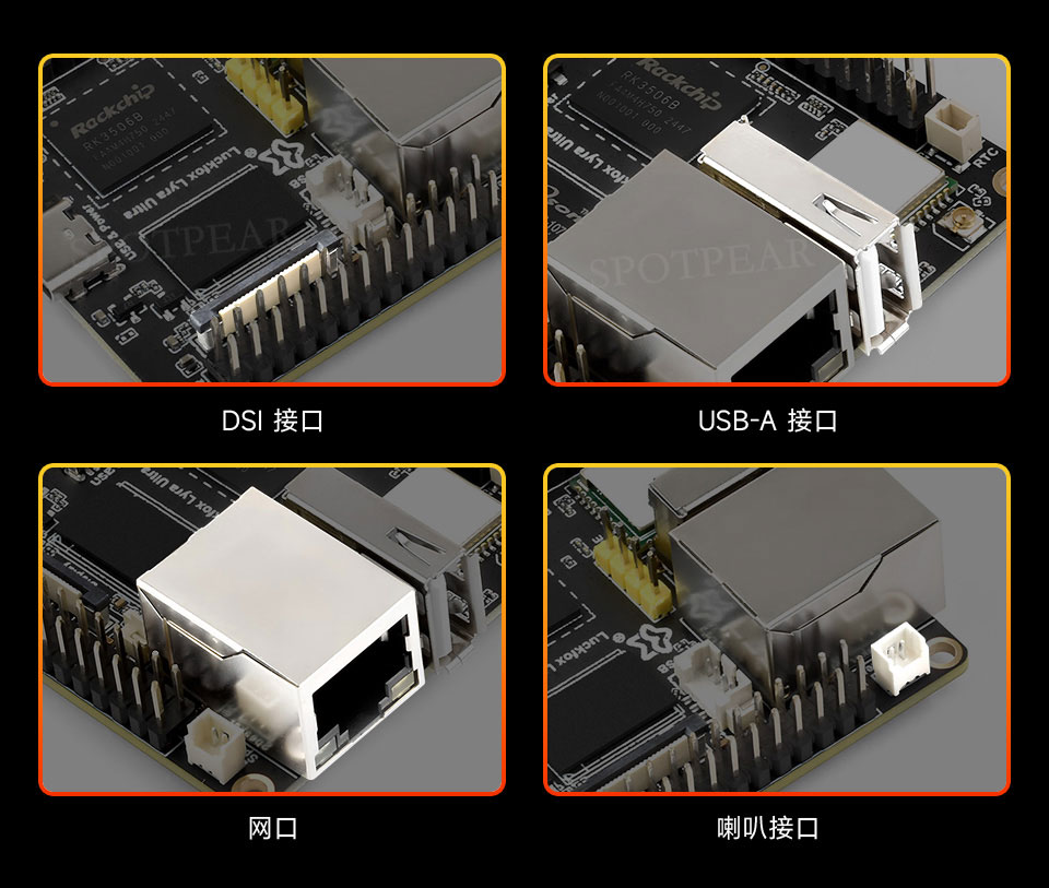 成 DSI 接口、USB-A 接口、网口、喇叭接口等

==

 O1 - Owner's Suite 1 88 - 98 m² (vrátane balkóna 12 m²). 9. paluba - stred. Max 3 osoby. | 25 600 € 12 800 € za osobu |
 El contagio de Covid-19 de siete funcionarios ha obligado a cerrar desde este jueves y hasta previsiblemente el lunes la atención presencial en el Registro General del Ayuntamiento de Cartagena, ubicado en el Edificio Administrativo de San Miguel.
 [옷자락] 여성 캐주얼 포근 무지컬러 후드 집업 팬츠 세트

...

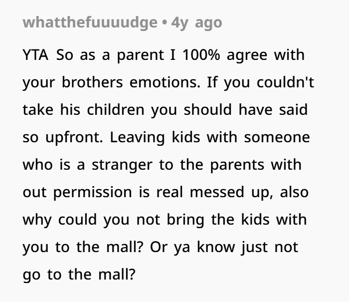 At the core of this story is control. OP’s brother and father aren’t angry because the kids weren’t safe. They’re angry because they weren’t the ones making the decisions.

ACTION ITEM
Everything above from the line containing "El contagio de" down to the line containing "[옷자락] 여성 캐주얼 포근 무지컬러 후드 집업 팬츠 세트" is to be transcribed exactly, with both of those lines included and nothing else added.

WRITTEN ANSWER
 El contagio de Covid-19 de siete funcionarios ha obligado a cerrar desde este jueves y hasta previsiblemente el lunes la atención presencial en el Registro General del Ayuntamiento de Cartagena, ubicado en el Edificio Administrativo de San Miguel.
 [옷자락] 여성 캐주얼 포근 무지컬러 후드 집업 팬츠 세트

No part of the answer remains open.